Your point of each having a copy is however a good one.
1:50 Point equal for preserved originals if some stupid had tried to alter them.
Plus, a manuscript, try to alter text, you have to efface old text first, and there are experts in palimpsest readings who can now restore it, but even before the change would have left visible traces.
So, no, God was not dumb in letting Church preserve originals visibly up to Iconoclasm.
2:00 THOUGH not preserving originals after c. 800, not BY not preserving them.
The good point of many copies still stood back then, when originals were still available and venerated.
5:17 Metzger and Ehrman are a bit contradicted by Watchtower sect.
You know the verses or verse variant relevant to Holy Trinity where Codex Sinaiticus differs from Textus Receptus (of any ecclesiastic tradition).
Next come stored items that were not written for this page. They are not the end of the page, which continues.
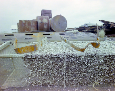 An unidentified metal structure at a junk yard. A photo of a metal grating with shells and barnacles affixed to its surface. Photo taken for Fowler and White.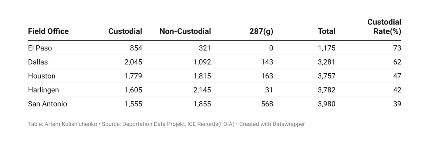 Even with that lid on local disclosure, the early picture is thin. As of Q1 2026, many participating counties had not completed training and had no arrests or bookings under their 287(g) agreements. ICE recorded 905 arrests across all Areas of Responsibility in Texas. San Antonio’s AOR accounted for 568 of those. Houston and Dallas AORs, which include many counties, remained at low levels, in part because the largest jurisdictions, Harris County and Dallas County continued to resist full cooperation.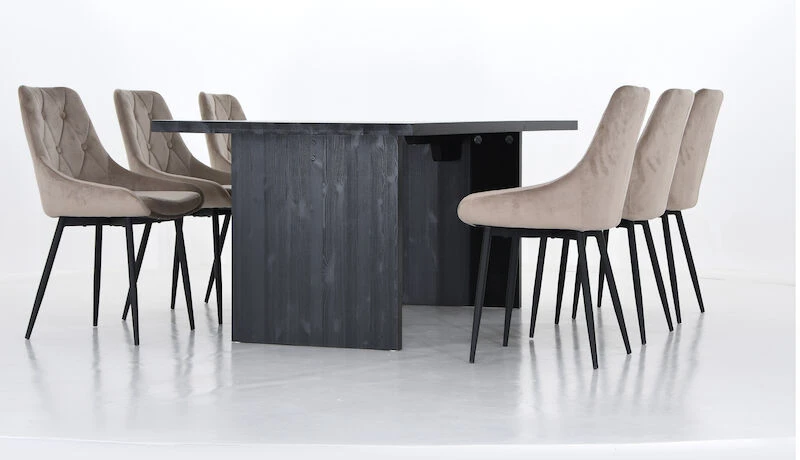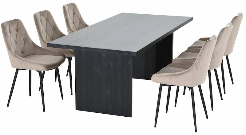 Tyvi-Alberton 6-hengen ruokailuryhmä on tyylikäs kokonaisuus. Massiivimännystä valmistettu Tyvi ruokapöytä on yksinkertainen muotoilultaan, joten se kestää ajattomana vuodesta toiseen. Pöytä on pintakäsitelty himmeällä sisäkäyttöön tarkoitetulla M1-luokitellulla petsilakalla. Tyvi on Veken omaa tuotantoa ja valmistetaan laadukkaasta pohjoissuomalaisesta, tiukkasyisestä männystä Lapissa.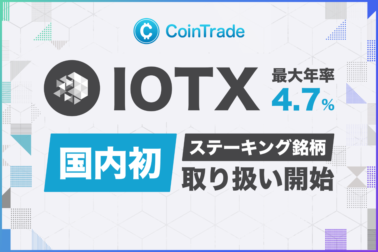マーキュリーの暗号資産ステーキングサービス「CoinTrade Stake」、新規暗号資産「アイオーテックス(IOTX)」の取扱いを開始

I would however there argue, the Church knew which version to copy, while Codex Sinaiticus may have been a fake by Arians, and that is why it was laid aside. After Arianism had lost.
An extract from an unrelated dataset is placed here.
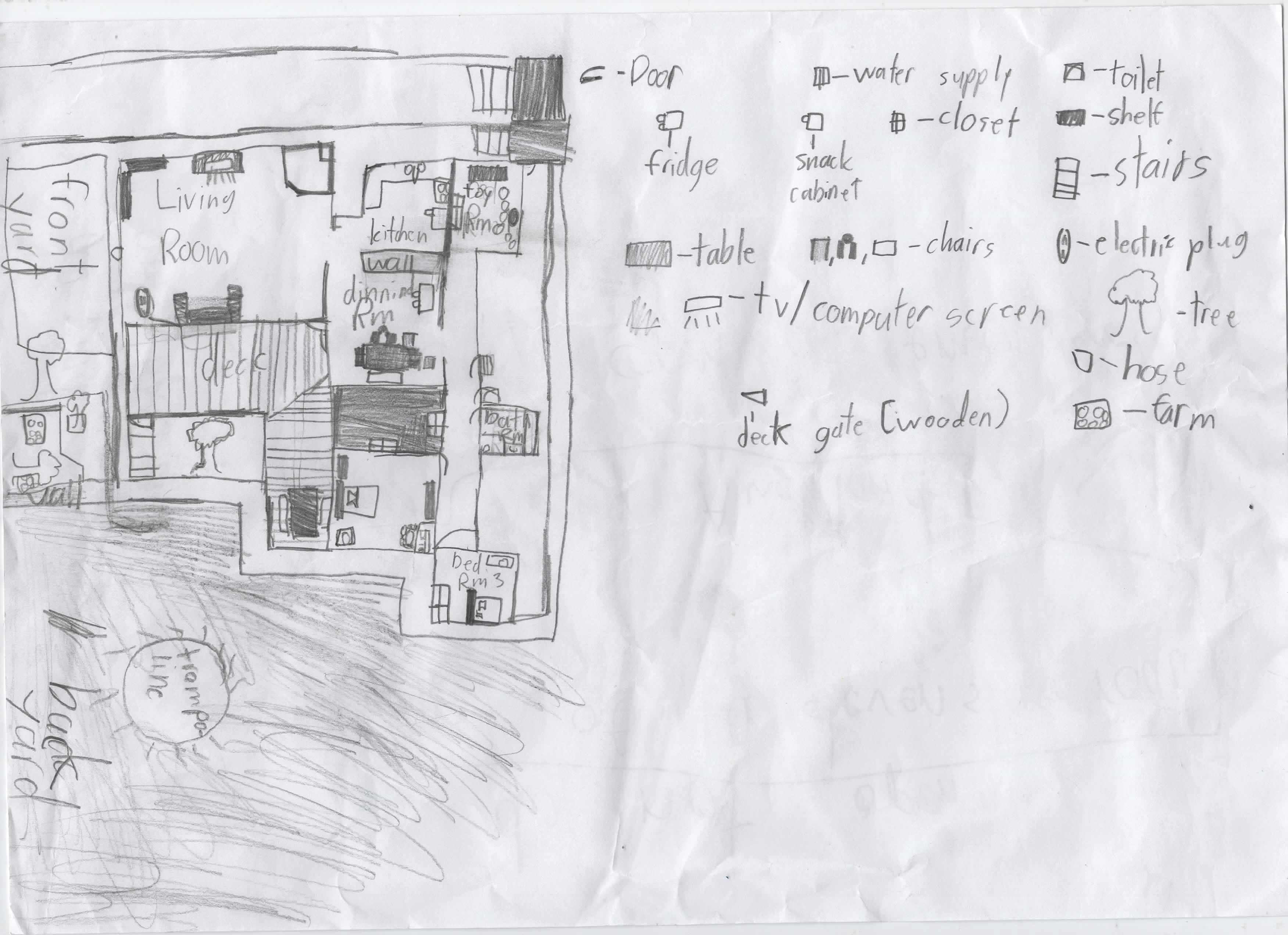 다른 하나는 형 다현이가 학교 과제 하는 걸 옆에서 보면서 자기도 그렸나 봅니다. 우리집 내부도면입니다. 얼마 전에는 아빠가 Loft Bed를 만들어야겠다고 했더니 스케치와 치수를 적은 설계도를 만들어서 보여줍니다. 이런 쪽으로 궁리하는게 재미있나 봅니다.

Actually, the question can only be secondary. If Christianity is true, such an error about Holy Trinity (or supposed such) cannot get support by a fake verse becoming Textus Receptus. God will preserve His Word's words.
If Christianity were false, we would be able to tell from many more important issues than a doubt about the text.
5:54 paraphrase.
Now, I think St John regularly paraphrased Jesus whenever he said "Jesus said to the Jews, woe to ye, for ..."
In synoptics we would see "Jesus said, woe to ye, Pharisees and Sadducees" or whatever specific group of Jewish people Jesus was adressing.
St John is, after AD 70, using "Jews" - but not letting Jesus use "Jews", except before Pilate, as a synonym for Christ's enemies.
6:38 - you mean the prevalent culture in Jewish community of discipleship back then involved highly developed memory.
"Back then" vs "now" is not relevant. Hindoos memorising Mahabharata verses are probably even more impressive than the disciples of Our Lord.
But then, Our Lord gave shorter taxations on their memories than the cantos of Mahabharata.
It does matter if we can get "verbatim" what kind of exception if any Christ envisaged for indissolubility of marriage, or whether "Peter" and "rock" mean same thing or different things (Greek has different words, Aramaic same one, Kipha). And we can.
Also, the guys can have carried tablets of wax and taken notes while He spoke. Verse 1 of a speech written down by Peter, up to full stop or colon, verse 2 by Andrew, verse 3 by James, verse 4 by John. And so on.
Afterwards, Peter, Andrew, James, John and the other eight read the talk over and over again, until all are fluent in whatever the others noted as well.
And then, clean the wax tablets and be ready to use them for next speech.